Bundespräsident Alexander Van der Bellen und der irische Präsident Michael D. Higgins haben mutmaßliche Kriegsverbrechen in der Ukraine verurteilt. "Solche Verbrechen können nicht einfach hingenommen werden, sie müssen so rasch wie möglich untersucht" werden; die Täter und Auftraggeber müssten zur Rechenschaft gezogen werden, sagte Alexander Van der Bellen nach einem Arbeitsgespräch mit Präsident Higgins heute, Mittwoch, in der Präsidentschaftskanzlei. "Es kann keine Straflosigkeit geben", sagte auch Michael D. Higgins.

"Wir werden uns daran nicht gewöhnen", sagte Bundespräsident Van der Bellen mit Blick auf den russischen Angriffskrieg in der Ukraine und die Flüchtlingsströme. Daher dürfe man auch "nicht klein beigeben", bis das Blutvergießen ein Ende habe. Bis dahin gelte es die Auswirkungen des Krieges zu mildern. Eine Friedenslösung für die Ukraine "kann nur auf völkerrechtlicher Grundlage fußen", betonte der Bundespräsident.

Präsident Higgins befürwortete Diplomatie, Multilateralismus und Abrüstung. Für den irischen Präsidenten muss das Töten von Zivilisten und die Zerstörungen in der Ukraine, "die alle internationalen Normen verletzt", aufhören. "Das ist jetzt das Wichtigste."
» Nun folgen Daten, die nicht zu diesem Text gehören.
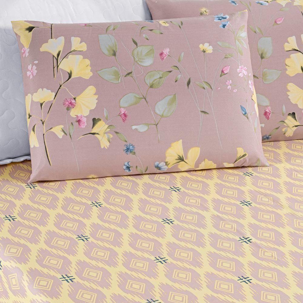 Colcha + Jogo De Cama Bouti Estampado King 06 Peças 100% Poliéster - LavandaTraga um charme e harmonia sem igual para sua cama King com o Kit Coordenado Bouti Estampado King 06 Peças. Este conjunto une a Colcha Dupla Face com a praticidade do Jogo de Cama essencial de 3 peças, ambos com belas estampas que enchem o quarto de delicadeza.Confeccionado em tecido microfibra 100% Poliéster, o kit oferece um toque macio, tons vivos e alegres, além de ser uma peça leve e prática para o seu dia a dia.Por que o Kit Bouti é uma ótima escolha?Visual Coordenado: A colcha e o jogo de cama possuem estampas que se harmonizam, criando um ambiente charmoso e cheio de vida.Kit Essencial e Prático (6 Peças): Este conjunto é focado na praticidade, fornecendo a colcha, o lençol de baixo com elástico e as peças de travesseiro.Composição Dupla para Travesseiros: O kit deixa a cama cheia e elegante, pois inclui 04 peças para travesseiro: 02 Porta Travesseiros estampados (da colcha) e 02 Fronhas estampadas (do jogo de cama).Praticidade do Poliéster: O tecido 100% Poliéster é resistente, fácil de lavar e tem secagem rápida.Ajuste Perfeito: O lençol de baixo possui elástico em toda a volta para um ajuste ideal em colchões King de até 30cm de altura.Produto composto por (Total 06 Peças):Da Colcha (03 Peças):01 Colcha Dupla Face 2,80m x 2,60m02 Porta travesseiros 70cm x 50cmDo Jogo de Cama (03 Peças):01 Lençol de Baixo com elástico (para colchão de 2,03m x 1,93m x 30cm alt.)02 Fronhas 70cm x 50cmAtenção: Este kit é composto pelo jogo de cama essencial (3 peças) e não inclui o lençol de cima (sobre lençol).Composição:Tecido (Todas as 6 peças):100% PoliésterCuidados:Lavável em casa (processo normal, temperatura máxima de 40°C).Não usar alvejante.Não é permitido secagem na máquina.Não passar a ferro.Secar à sombra, em superfície plana.

Irland ist wie Österreich EU-, aber kein NATO-Mitglied. Befragt zu Debatten in beiden Ländern, angesichts des Ukraine-Krieges die nationale Sicherheits- und Verteidigungspolitik neu auszurichten, sprach sich Präsident Higgins für eine Debatte in Irland über die Ausgestaltung der irischen Neutralität aus.